Just over a week ago, I wrote a post titled ‘5 Reasons I’m Scared Of Living Alone’. I wrote that post so that after a week of living alone was over, I could look back and see if it really was as bad as I thought it would have been. I had hoped that the post and this one would encourage me to be more adventurous and less afraid next time something new happens.
If you are reading this post and it is making no sense to you, maybe you should go back and read the ‘5 Reasons I’m Scared Of Living Alone‘ post.
Anyway, I digress, the week is finally over and it has been tiring and strange. Tiring and strange in the best possible way. I feel like a completely different person now that I have done this.
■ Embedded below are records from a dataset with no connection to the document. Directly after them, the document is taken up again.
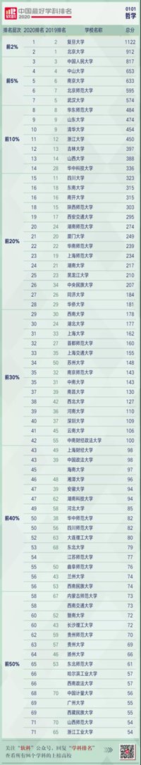 2020年10月15日,高等教育评价专业机构软科发布“2020软科中国最好学科排名”,排名榜单包括96个一级学科。其中,尼克成人网 哲学学科在全国哲学学科排名49位,位列前40%,比2019年提升9个名次。排名的提升反映出尼克成人网 哲学学科快速发展的良好势头。(完整排名名单见图)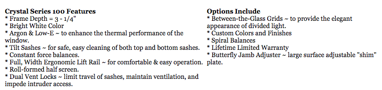Crystal® ThermoBlok™ fully welded vinyl replacement windows are manufactured with exclusive chambered ThermoBlok™ designer extrusions. These ThermoBlok™ extrusions feature innovative insulating air barrier technology that reduce thermal transference from the exterior of window frame to interiors, and “intercept” warm edge glass spacer technology for added thermal protection. These features reduce heating and cooling loads on HVAC systems, providing long term energy efficiency and utility savings to property owners. This series is offered as double hung, bay, bow, slider, casement, and coordinating architectural circle top shapes for enhancing curb appeal of home renovation projects.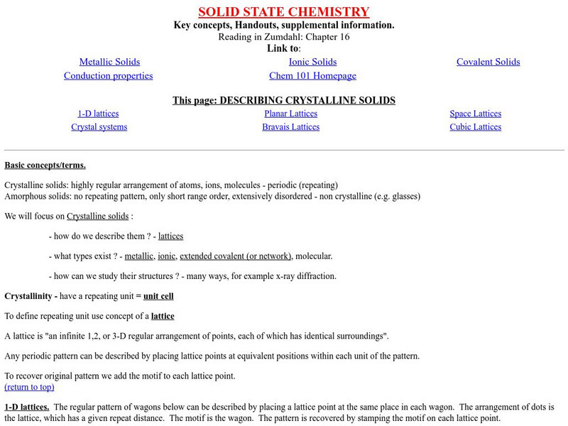 This site contains in-depth information on crystalline solids. Includes basic concepts, pictures, learning graphs, and useful tools.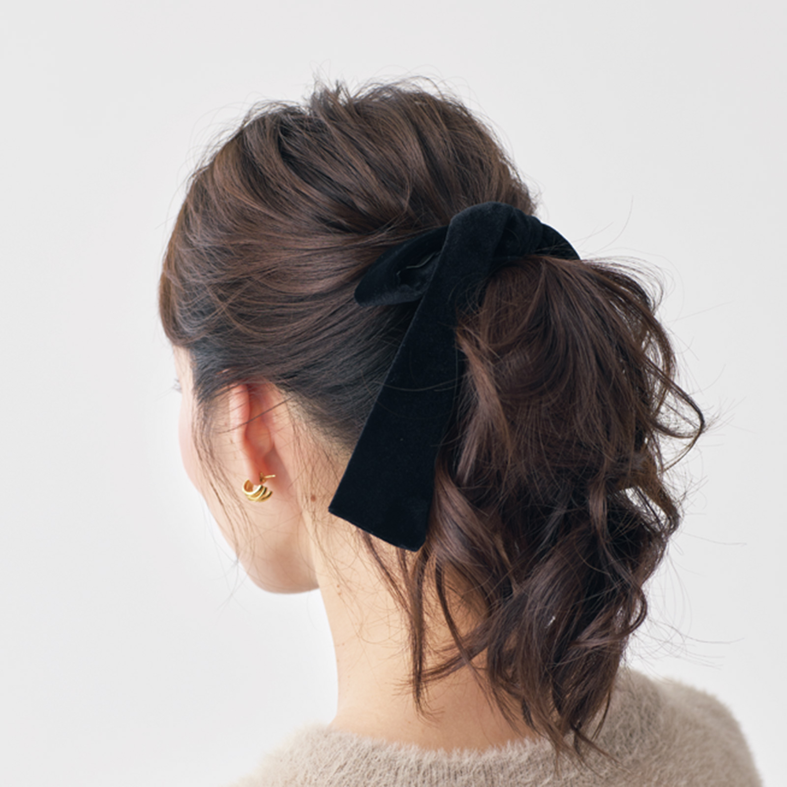 トップをふんわり仕上げるには、髪を引き出して高さを出すのが正解。そのためにはゴムできつめに結んでしっかりした土台を作ることが大切です。華やかさを加えてくれるリボン付きゴムを使って耳上の高めの位置でポニーテールにしたら、トップの髪を指先でつまんで細かく引き出せば簡単にふんわりします。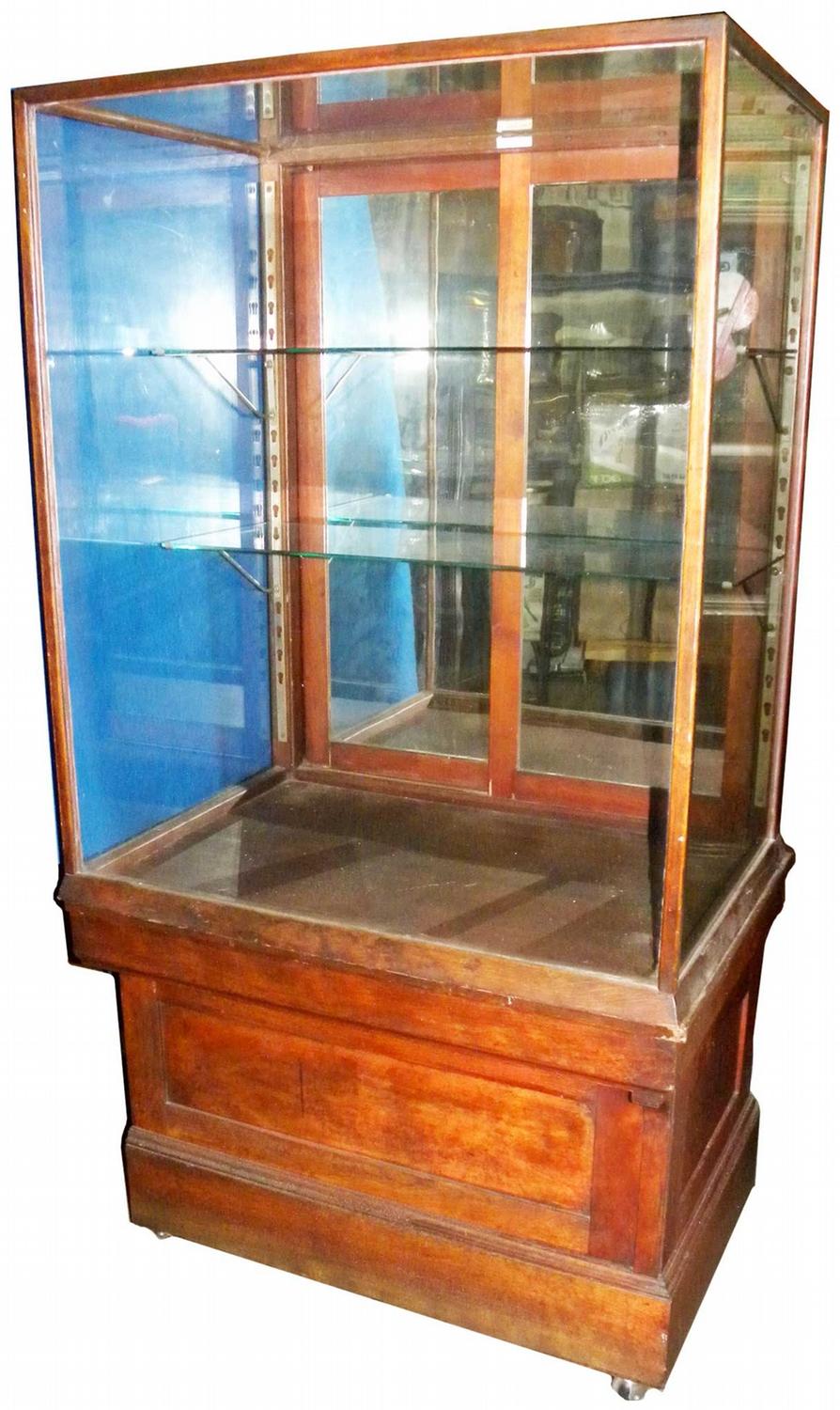 Oak Floor Model Showcase with mahogany base. Comes with two glass shelves. Base has been trimmed on one side otherwise good condition. 35 X 68 1/2 X 25 inches overall.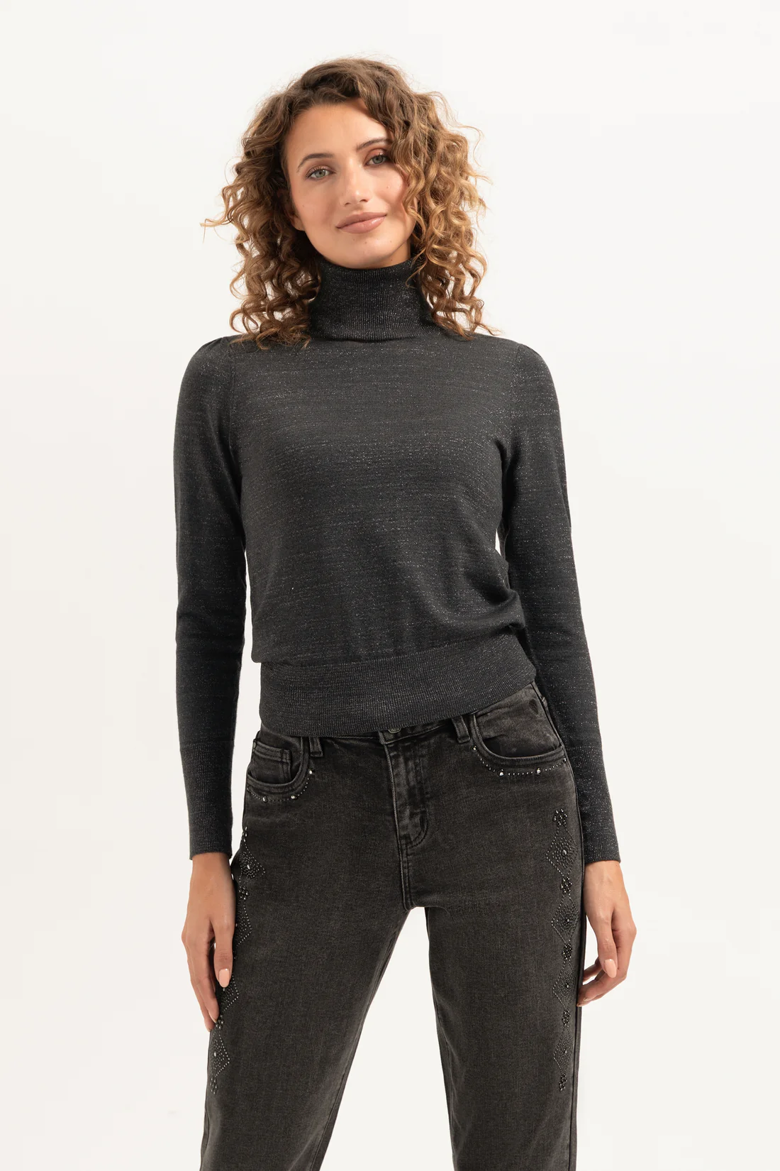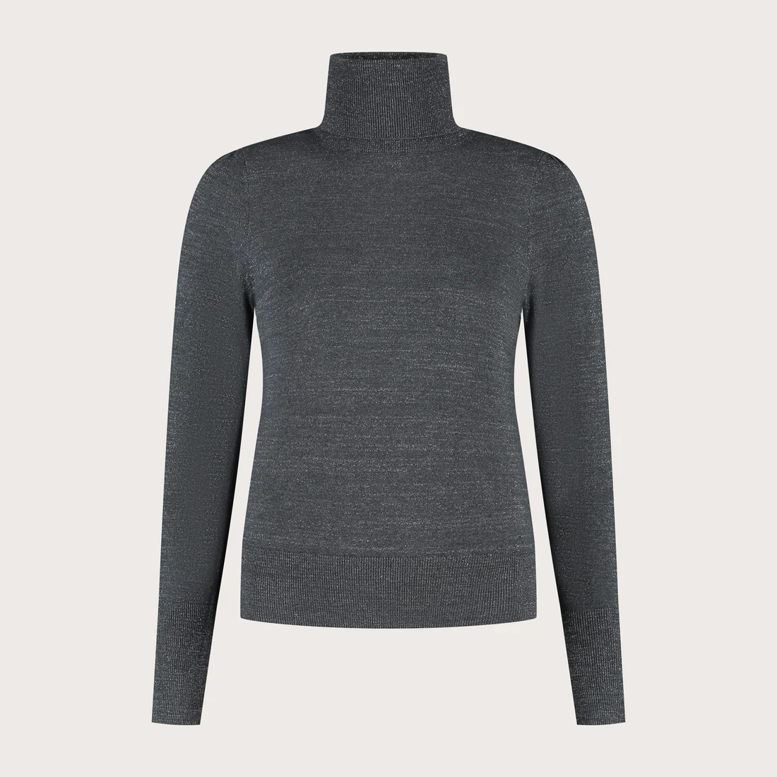 De May Turtleneck is een fijngebreid coltrui met een subtiele glitter in het weefsel, wat zorgt voor een vrouwelijke en elegante uitstraling.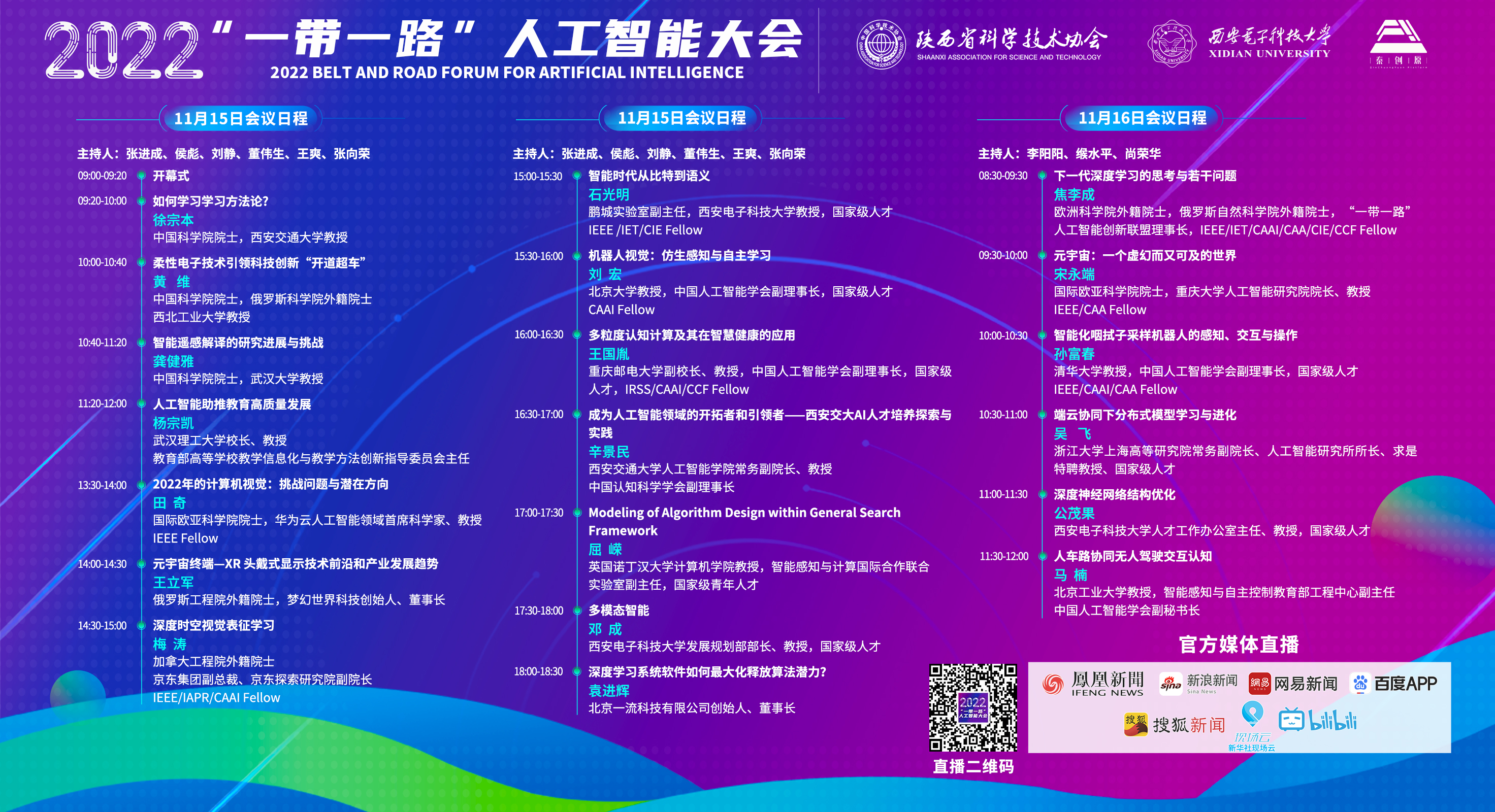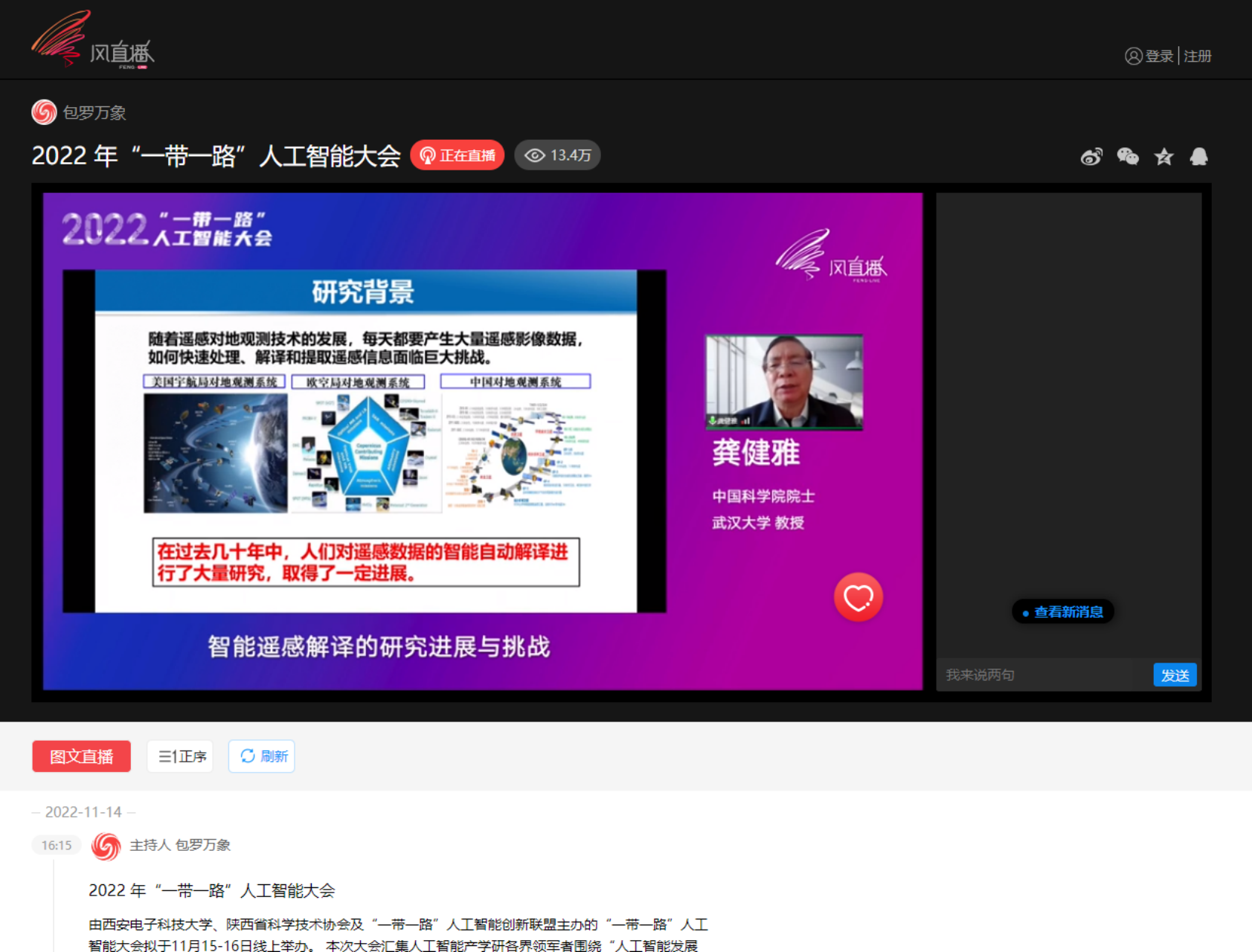 2022年11月15日-16日“一带一路”人工智能大会在线上成功举办,20位院士专家、领域权威学者以及业界精英等相聚一堂,围绕“人工智能发展的前沿与挑战” 、“人工智能交叉领域学科建设”、“人工智能开源基座与产业应用”的主题进行深入探讨,激荡思想火花,启迪智能未来。大会直播共吸引了超过330万人次观看。

My first worry was that I would feel lonely. This was a little bit of an issue. I was pretty much way too busy to be feeling lonely most of the time. However, when I was left alone, I began to feel alone and started to miss everyone back home. I did manage to overcome this though. I mostly distracted myself with books and tv. I also found it helpful to FaceTime and call my family and friends.
My second worry was that I wouldn’t know what to do with myself. This was hardly an issue at all. My whole week was pretty much sleep, work, sleep, work, sleep, oh and work. When I did have time to myself, it was spent reading which sounds pretty good to me.
The third worry was not getting on with the people I was working with. This did actually happen. One lady I was working with took a disliking to me straight away. At first this was a big issue to me. For some reason, I was desperate to make her like me. However, nothing I did was good enough. After a couple of days, I began to realise that it doesn’t matter if one lady doesn’t like me. I got on with absolutely everyone else. You can’t be liked by everyone.
I also worried about having nothing to do and being bored. There was hardly anything to do around the area I was staying in. However, I managed to go on many walks and got a lot of reading and tv watching done.
My last worry was missing the people back home. Obviously I missed the people at home. Thank Gosh for phones..
I feel like a completely different person now that the week is over. I feel changed for the better.